Relative roles of different types of PSC to Antarctic ozone depletion in polar spring caused by chlorine activation and denitrification

It is well known that heterogeneous reactions on the surfaces of PSC particles and denitrification of the stratosphere are the cause for Antarctic ozone depletion in polar spring, but the relative roles of different types of PSCs is an open question. We use multi-year simulations from 2005 to 2014 of the chemistry-climate model ECHAM5/MESSy Atmospheric chemistry (EMAC) to investigate the impact that various types of PSCs have on Antarctic ozone loss.
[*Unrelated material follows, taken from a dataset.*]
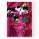 Expressive, funny, natural masked black white cat with Arlecchino hat on vibrant pink ,fuchsia silk clothes .Elegant,whimsical ,colourful ,artistic Venetian masks with peacock feathers from our Collection with gold floral fantasy, and bright purple,red,violet flourishes. Original watercolor painting, Photography ,Digital Collage and Graphic Design by Bulgan Lumini - Baldesign3d (c)

One standard and three sensitivity EMAC simulations (nudged with ERA-Interim) have been performed to evaluate the contribution of liquid, NAT and ice particles to ozone depletion in Antarctic winter and spring due to chlorine activation by heterogeneous chemistry on their surfaces. In the three sensitivity simulations, we changed the heterogeneous chemistry on PSC particles by switching on and off the chemistry on liquid, NAT and ice particles. Further sensitivity simulations are performed to evaluate the contribution of NAT to Antarctic ozone depletion through denitrification of the stratosphere. With the help of these different EMAC simulations we will show the significance of liquid, NAT and ice particles to Antarctic ozone depletion caused by chlorine activation and denitrification.